Tag Archives: Irish Embassy

Is he a school teacher?

Irish-ism has made it the whole way to Switzerland! I had to re-new my passport recently and as there isn’t a consulate in Basel I had to get in touch with the embassy in Bern. So I dropped them an email and the form arrived in the post with all the necessary bits and pieces.

“Lovely”, said I, as I scanned through the form and ticked off everything I needed to send back. Previous passport, birth cert, the right size photos, the usual stuff. I then got to the back page and they required a witness to sign it. The eligible witnesses were as follows, although I can’t remember all of them:

  1. Doctor
  2. Guard
  3. Lawyer
  4. School Headmaster
  5. Priest
  6. Accountant

So there was a good choice but I didn’t have any. My doctor here doesn’t know me from Adam, likewise for the police. I don’t have a lawyer or accountant and my school headmaster hasn’t seen me in eleven years. I haven’t been to church here so I didn’t feel like going in and asking the local padre for an autograph. So the logical choice for my witness was my boss. As he wasn’t technically on the list and I had left the renewal to the last minute, I couldn’t risk anything going wrong. So I gave the embassy a call. Here’s how the conversation went:

Me: Ah, hello, I’ve got a quick question regarding the witness eligibility on the passport renewal form.

Embassy: Sure, what do you need to know?

Me: Well, I was wondering if my boss would fit the bill. He’s a professor of Biochemistry at the University of Basel.

Embassy: Is he a doctor?

Me: He has a doctorate alright but he isn’t technically a medical doctor.

Embassy: Ah, well he won’t do then.

Me: Could I put him under School Headmaster? He could technically be one!
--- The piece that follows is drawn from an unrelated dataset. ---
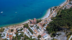 A safe area is roped off for swimmers. The site occupies a five hectare strip of coast winding between the imposing 120 m. rock face of an ancient quarry and the clear sea. It is directly across the bay from the town of Portoroz (Port of Roses) which is Slovenia’s major seaside resort and is a pleasant backdrop from Kanegra. This is a pleasant naturist site with a calming family atmosphere and pleasant places to eat. The restaurant and buffet bar enjoy fine sea views and there is an activity programme for all age groups. Unusually for naturist sites, there is no objection to single men. Its proximity to Slovenia (Portoroz 13 km. around the bay) makes it a possible base for visiting some of this country’s delights as well as those of Croatia.

Embassy: No, sorry, it’ll have to be someone on the list.

Me: He holds a professorship and a doctorate in biochemistry and has worked all round the world. He has had his own lab for twenty years, has published in plenty of peer-reviewed scientific journals, has also edited a number of those in his time, he’s married with two kids, plays the French horn and is an all round nice guy. Honest as well. Are you sure he won’t do?

Embassy: Nope, he’d have to be a medical doctor. Do you have a priest? Or a lawyer?

Me: Neither, but you’d take a school headmaster over my boss? Or an accountant? I’m going to have to think about it. Thanks for the help.

Embassy: No problem, bye.

So I went and got the boss to sign it and sent it off. They didn’t bat an eyelid. I should give up being honest and just get on with it.